On the other hand, the kids like Eila Giglio were oblivious of the humidity, sweating or heat. They were too busy scampering through the gardens in blue T-shirts and learning from art from Matt Clark, Robyn O’Neil, Lyle Hobratschk, The Color Condition’s Marianne Newsom and Sunny Sliger, Jason Kraus, John Holt Smith, Ruben Ochoa, Vicki Meek, Morehshin Allahyari, Christopher Blay and Blows + Arrows’s Alicia and Adam Rico.
A tired Travis Hollman found the perfect spot — in a beanbag under a shade tree just behind the stage, where The Tremors and Run For Your Life would be performing. He tried to get son Cruz to settle back with him, but Spiderman Cruz would have nothing to do with sitting still.

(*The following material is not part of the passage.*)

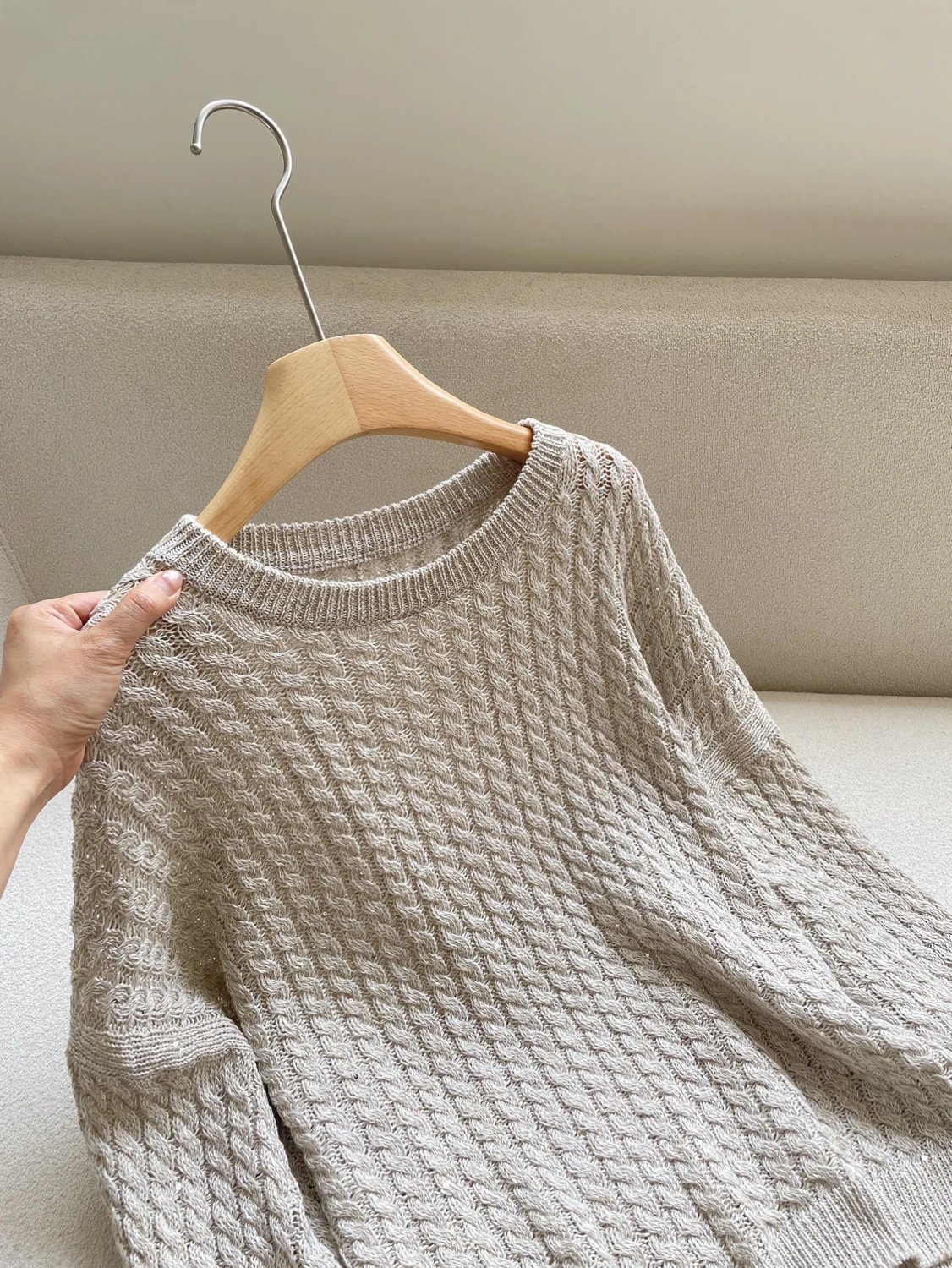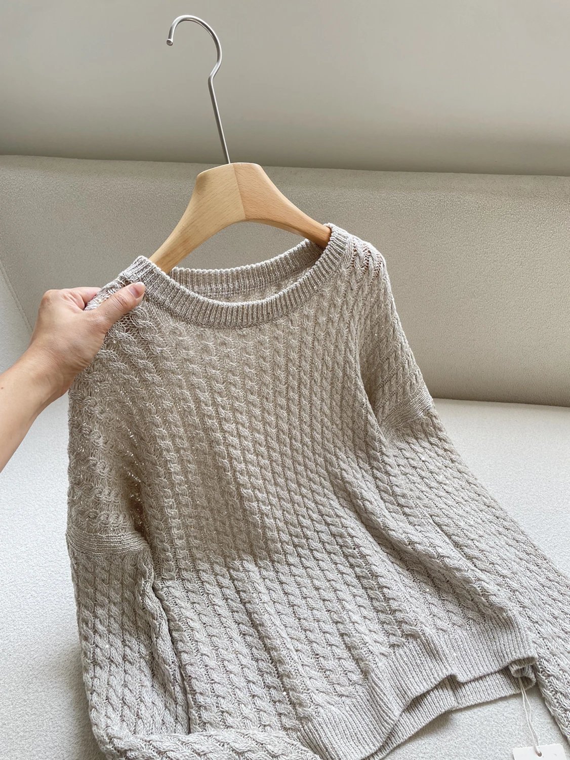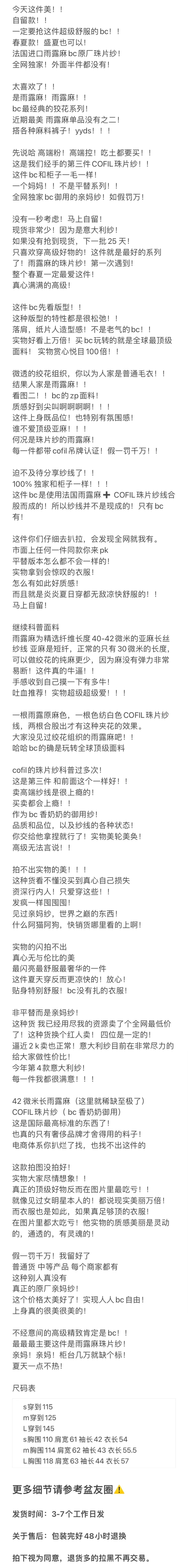 预售 重磅渠道 BC纸片纱亚麻罩衫 42微米法国雨露麻 COFIL珠片纱 合股针织置衫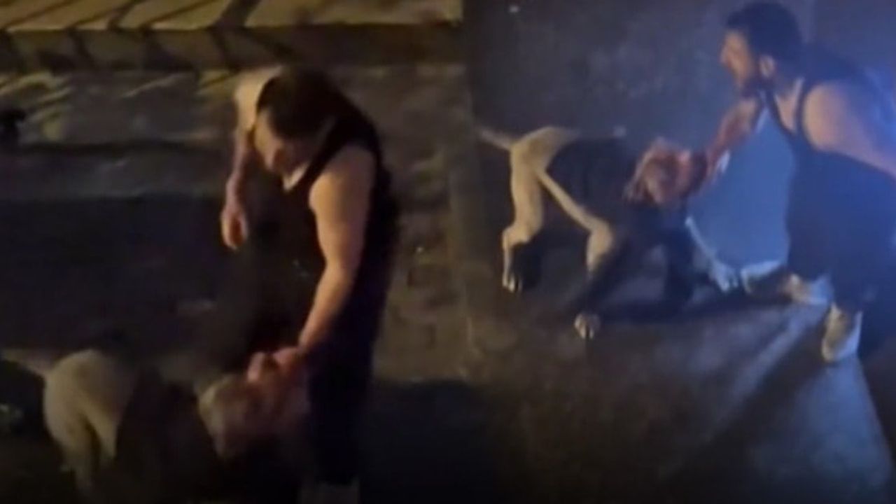 Bağırarak, çevredekilerden yardım isteyen kişi bir süre sonra kolunu köpeğinin ağzından kurtardı.

Then there was the Garden Gallery, where twins Caden and Kellan Carter painted boxes. Nearby Henry Morgan was situated on the grass with a cups of purple paint and red paint within reach. He was a little camera shy because of the shiner he had earned Friday after bumping into a classmate.
Just a few feet away artist Vicki Meek, who was one of the Nasher XChange artists was conducting a slew of young artists in foam sculpting.
Barrett Gibbins took his program and had the various artists autograph their pages. . . 2013 Great Create Co-Chairs Lucy and Steve Wrubel arrived and were immediately swamped by friends. . . Karen Luken was putting on the finishing touches of William Dounley’s streaming costume. He had originally planned to help hand out apples and fresh fruit from the Whole Foods station, but when asked to put on the colorful costume, he said, “I never say, ‘No’, to dress up.”
And food for all ages was available thanks to Which Wich, Whole Foods, Chateau Ste. Michelle, Ben E. Keith Company, Nasher Café by Wolfgang Puck and JK Chocolate.
As the grounds were soon overrun with kids and parents trying to keep up, someone asked Nasher Director Jeremy Strick why they don’t do the program every month. Like a dutiful father, his response — “Because my staff would kill me.”